**The task:** In the records below, find the line with "Flyer for Derek" and the line with "Pierścionek z perłą Akoya i brylantem"; return exactly those lines and every line between them.

**Record extracts:**
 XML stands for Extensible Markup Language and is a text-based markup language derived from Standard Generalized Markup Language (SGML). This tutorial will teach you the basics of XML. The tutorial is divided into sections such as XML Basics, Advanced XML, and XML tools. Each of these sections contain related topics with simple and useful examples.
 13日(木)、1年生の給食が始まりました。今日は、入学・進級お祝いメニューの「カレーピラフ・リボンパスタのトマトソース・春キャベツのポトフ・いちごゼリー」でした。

==

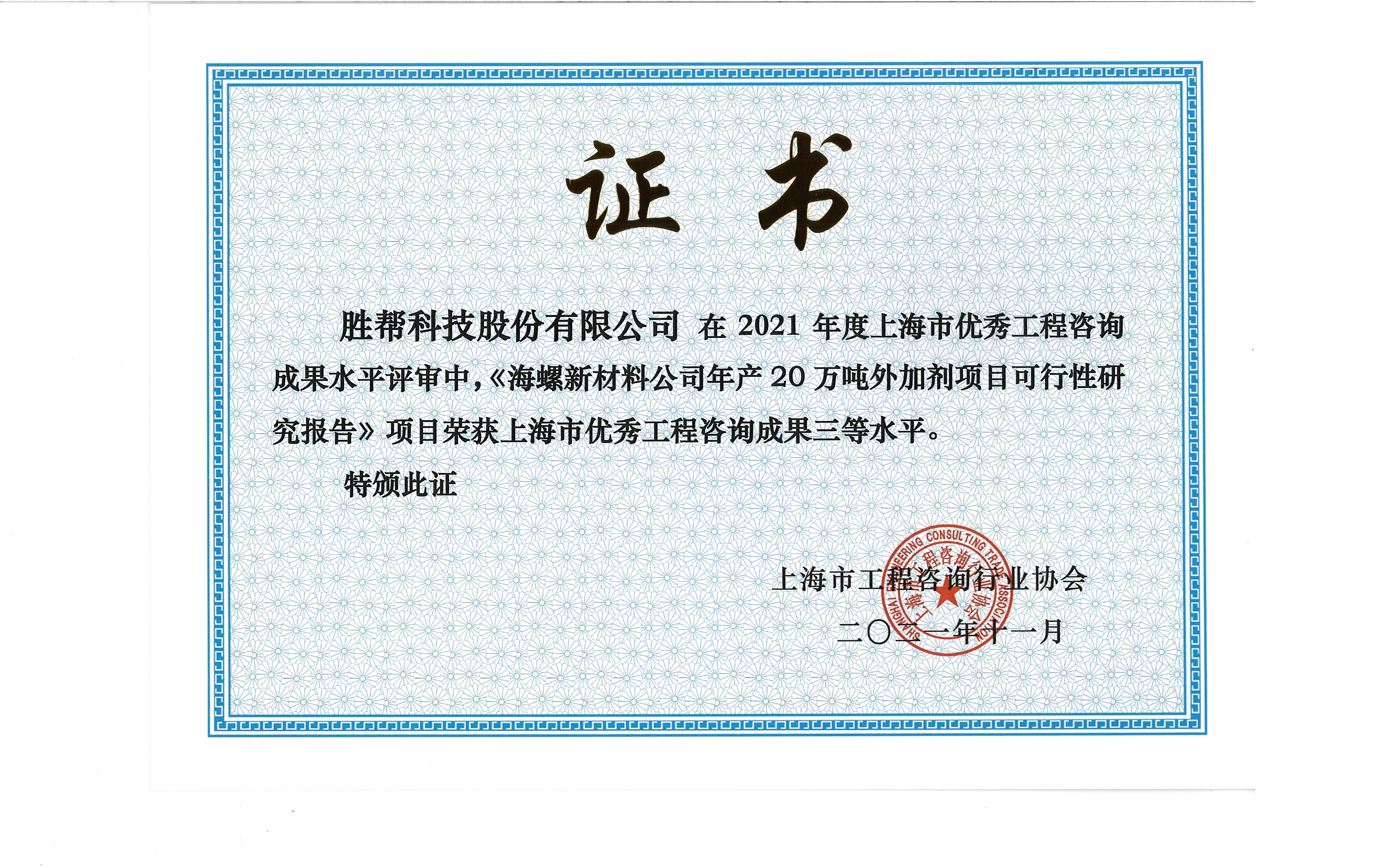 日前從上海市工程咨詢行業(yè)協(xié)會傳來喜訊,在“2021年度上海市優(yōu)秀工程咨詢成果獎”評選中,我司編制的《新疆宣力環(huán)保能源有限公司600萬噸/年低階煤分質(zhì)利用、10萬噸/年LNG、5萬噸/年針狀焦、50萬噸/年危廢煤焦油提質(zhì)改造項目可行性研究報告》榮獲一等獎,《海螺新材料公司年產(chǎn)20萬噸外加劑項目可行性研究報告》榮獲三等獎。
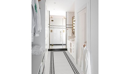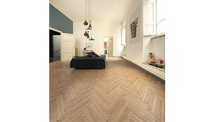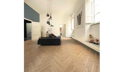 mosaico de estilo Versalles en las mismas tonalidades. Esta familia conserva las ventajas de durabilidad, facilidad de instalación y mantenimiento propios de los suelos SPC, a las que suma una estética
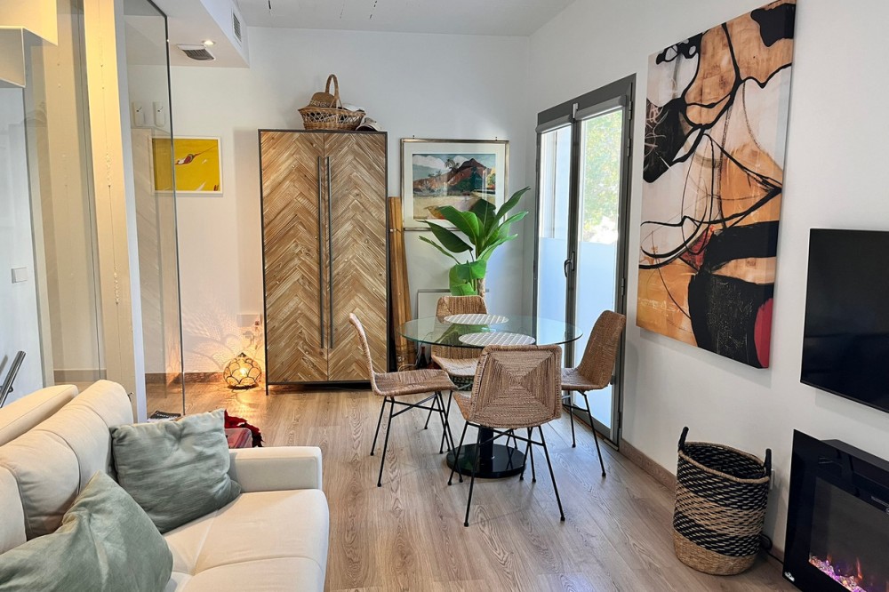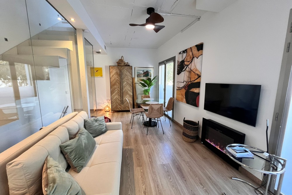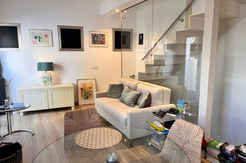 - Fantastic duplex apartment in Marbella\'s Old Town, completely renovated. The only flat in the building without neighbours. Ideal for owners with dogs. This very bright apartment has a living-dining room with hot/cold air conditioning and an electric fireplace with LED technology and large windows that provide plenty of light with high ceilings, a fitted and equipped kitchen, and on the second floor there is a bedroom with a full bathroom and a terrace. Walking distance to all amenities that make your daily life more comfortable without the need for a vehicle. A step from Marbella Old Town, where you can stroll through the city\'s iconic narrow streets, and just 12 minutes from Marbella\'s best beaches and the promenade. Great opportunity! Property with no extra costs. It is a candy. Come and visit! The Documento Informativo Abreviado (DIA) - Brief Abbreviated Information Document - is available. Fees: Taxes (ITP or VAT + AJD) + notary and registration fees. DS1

* * *

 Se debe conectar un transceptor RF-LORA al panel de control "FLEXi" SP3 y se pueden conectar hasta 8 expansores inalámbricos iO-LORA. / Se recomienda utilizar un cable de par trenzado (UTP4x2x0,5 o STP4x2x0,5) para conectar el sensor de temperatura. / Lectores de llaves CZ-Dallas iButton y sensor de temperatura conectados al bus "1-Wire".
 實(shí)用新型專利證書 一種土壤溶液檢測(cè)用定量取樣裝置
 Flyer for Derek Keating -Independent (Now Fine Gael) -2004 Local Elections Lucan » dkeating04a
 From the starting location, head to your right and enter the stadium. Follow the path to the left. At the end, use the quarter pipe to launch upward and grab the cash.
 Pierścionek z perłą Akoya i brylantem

**Answer below:**
 Flyer for Derek Keating -Independent (Now Fine Gael) -2004 Local Elections Lucan » dkeating04a
 From the starting location, head to your right and enter the stadium. Follow the path to the left. At the end, use the quarter pipe to launch upward and grab the cash.
 Pierścionek z perłą Akoya i brylantem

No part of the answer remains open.